As the proportion of variable renewable energy increases in the electricity generation mix, the gap between when electricity can be generated and when electricity is needed increases.
In 2020, the percentage of solar and wind electricity generation in the world was around 5 %. By 2030, the estimate is 15 % and by 2050, the estimate is 50 %. Source: https://www.irena.org/publications/2020/Apr/Global-Renewables-Outlook-2020.
At the same time, total electricity generation will increase by 50 % from 20,000 TWh to 30,000 TWh, partly due to the increase in global population and the economic development of countries, but also the electrification of transport and other industries.
Source: https://www.irena.org/publications/2018/Apr/Global-Energy-Transition-A-Roadmap-to-2050.
The growth in total electricity is also driven by energy for transport. About half of all energy supplied to the world is provided by oil and gas used for transportation. Increased numbers of electric and hydrogen vehicles are expected to drive the demand for renewable electricity.
Source: https://www.iea.org/data-and-statistics viewed April, 2021. International Energy Agency. “WORLD ENERGY BALANCES: DATABASE DOCUMENTATION,” 2020.
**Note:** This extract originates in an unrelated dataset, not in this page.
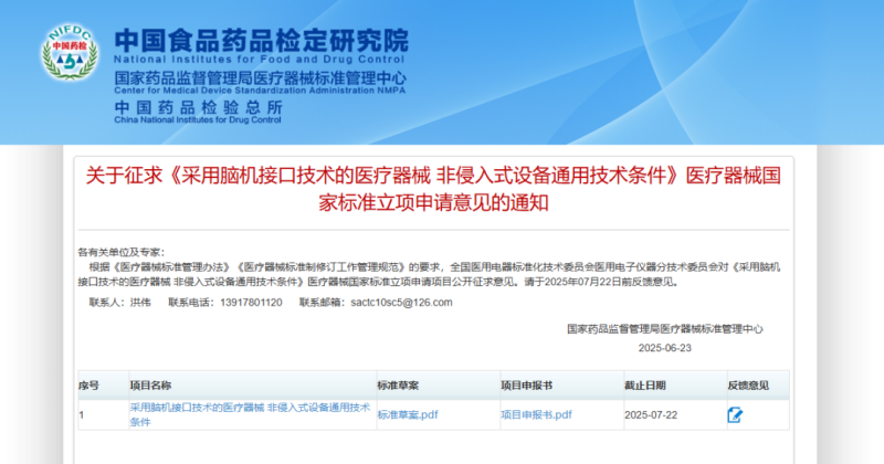 6月23日,國(guó)家藥監(jiān)局醫(yī)療器械標(biāo)管中心發(fā)布《采用腦機(jī)接口技術(shù)的醫(yī)療器械 非侵入式設(shè)備通用技術(shù)條件》醫(yī)療器械國(guó)家標(biāo)準(zhǔn)立項(xiàng)申請(qǐng),同時(shí)隨附了標(biāo)準(zhǔn)草案,并向社會(huì)公開征求意見。

The problem is getting bigger and coming fast.
Electricity infrastructure is not like a balloon i.e. it can’t stretch and shrink when supply and demand are not equal. The electricity supply (from generators) must equal electricity demand (from consumers like facilities, businesses, and homes).
If supply and demand don’t match, the frequency of the electricity in a network becomes unstable, and infrastructure will shut down in order to avoid damage to equipment, overheating and even fires.
This is how major electricity outages occur. An unexpected event (or series of events) in the electricity network occurs, and supply cannot increase or demand cannot decrease fast enough to stabilize the frequency. Lights out.
What’s the role of Big Batteries? They can respond quickly, called fast frequency response, to short term fluctuations of supply and demand. They can’t solve all the problems yet. Inertia from large spinning generators like hydro, coal and gas plants are still needed. As the proportion of renewables in electricity generation increases, more and more fast frequency response will be needed to compensate for less inertia.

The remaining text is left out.